Cystic disease of Kidney

Cystic disease of the kidney refers to a group of disorders characterized by the formation of fluid-filled sacs, or cysts, within the kidneys. These cysts can vary in size and number and may affect one or both kidneys. The presence of these cysts can disrupt normal kidney function and lead to various health issues.

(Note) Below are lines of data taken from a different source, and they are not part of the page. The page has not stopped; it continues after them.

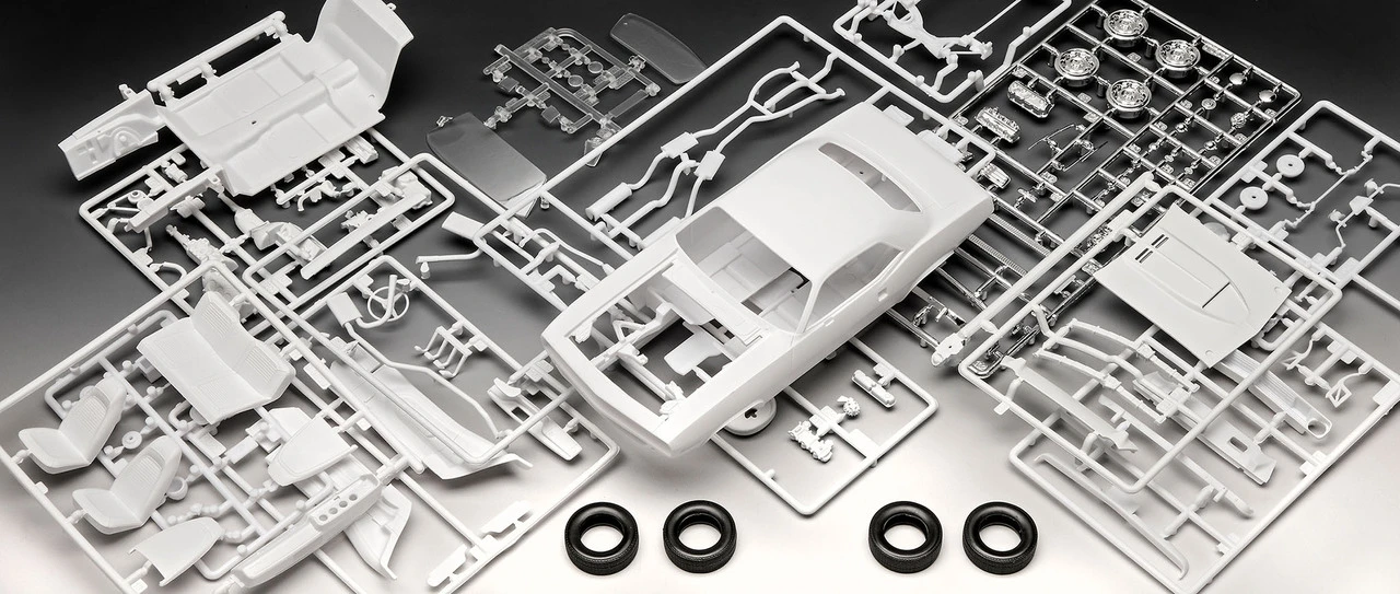 Plastic model kit starter set. Includes acrylic paint, brush and cement required for assembly
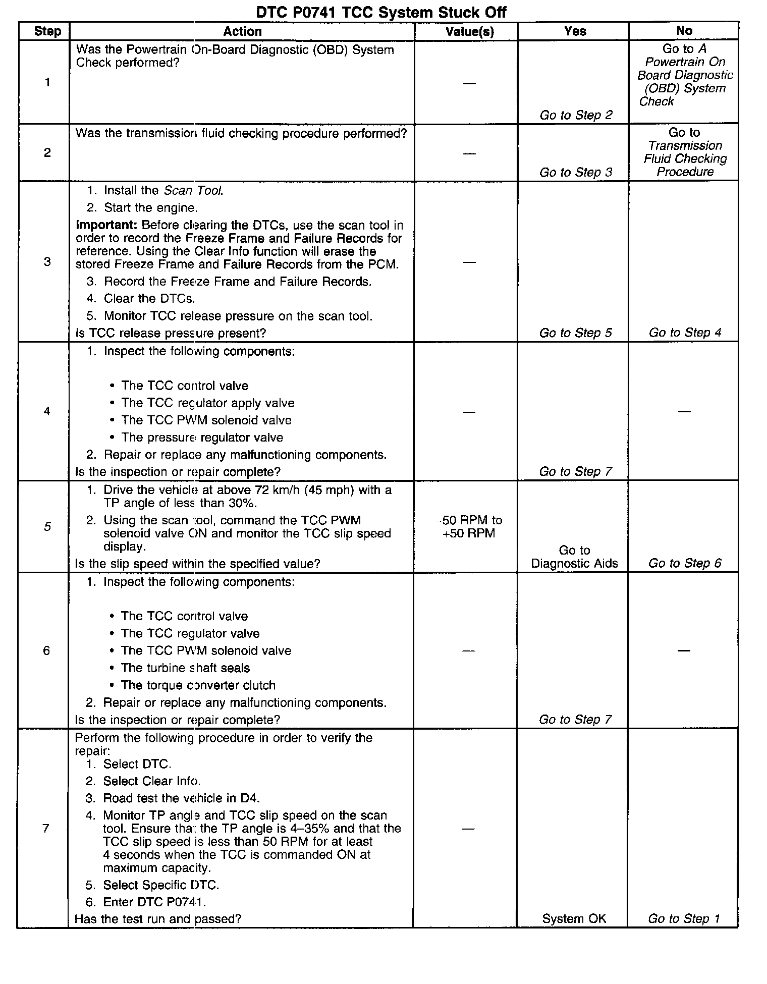 If the PCM detects high torque converter slip when the TCC is commanded ON, then DTC P0741 sets. DTC P0741 is a Type B DTC.
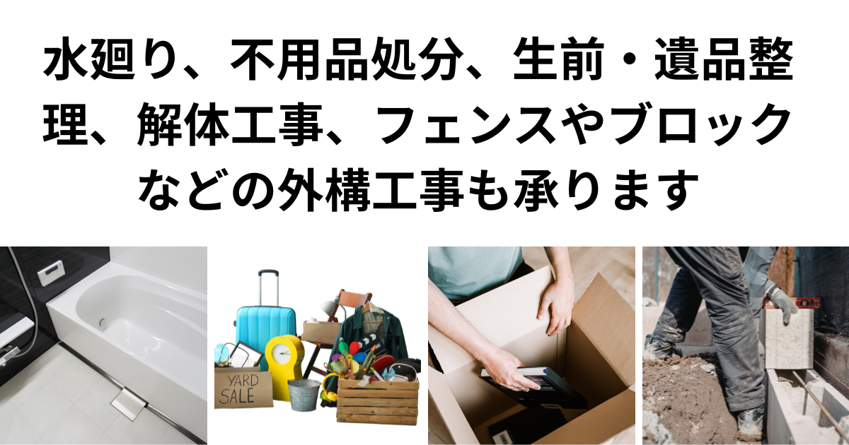 柏市の工務店が対応する住まいのお困りごと|水廻り工事・不用品処分・遺品整理・解体・外構工事も相談可能
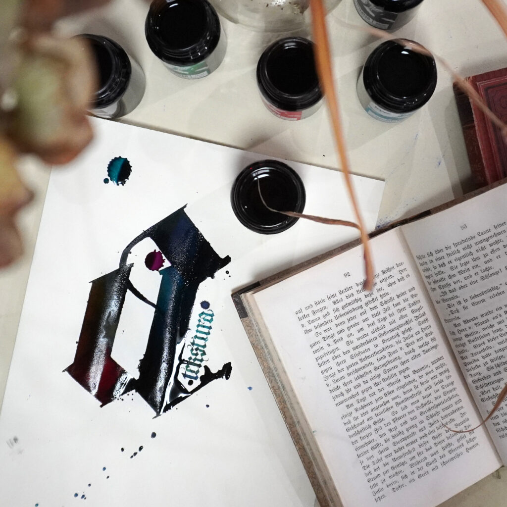 Do jej nauki podejdziemy na dwa sposoby: w wersji podstawowej oraz zaawansowanej – gęsim piórem, ze zmianą kąta nachylenia narzędzia i włączeniem zmiennego nacisku. Będziecie mieli okazję do naostrzenia własnego gęsiego pióra!

Cystic disease of the kidney refers to a group of conditions characterized by the formation of fluid-filled sacs, or cysts, within the kidneys. These cysts can vary in size and number, and their presence can disrupt normal kidney function. The most common form is polycystic kidney disease (PKD), which comes in two main types: autosomal dominant (ADPKD) and autosomal recessive (ARPKD). ADPKD leads to the development of numerous cysts in both kidneys, often resulting in kidney enlargement and impaired function over time. ARPKD, typically detected in infancy or early childhood, is associated with cystic dilation of the kidney's collecting ducts and can also involve liver abnormalities. Medullary sponge kidney (MSK) is another type, where cysts form in the kidney's collecting ducts, potentially leading to kidney stones and infections. Simple kidney cysts are common, non-cancerous cysts that usually appear with age and are often asymptomatic but can cause discomfort if they become large or infected. Acquired cystic kidney disease (ACKD) occurs in individuals with chronic kidney disease, particularly those on long-term dialysis, and can sometimes lead to complications like bleeding or infection. Symptoms of cystic kidney disease may include flank pain, abdominal discomfort, blood in the urine, and recurrent urinary tract infections. Diagnosis typically involves imaging studies like ultrasound or CT scans, and treatment focuses on managing symptoms, monitoring kidney function, and addressing any complications. In severe cases, where kidney function is significantly impaired, interventions such as dialysis or kidney transplantation may be necessary.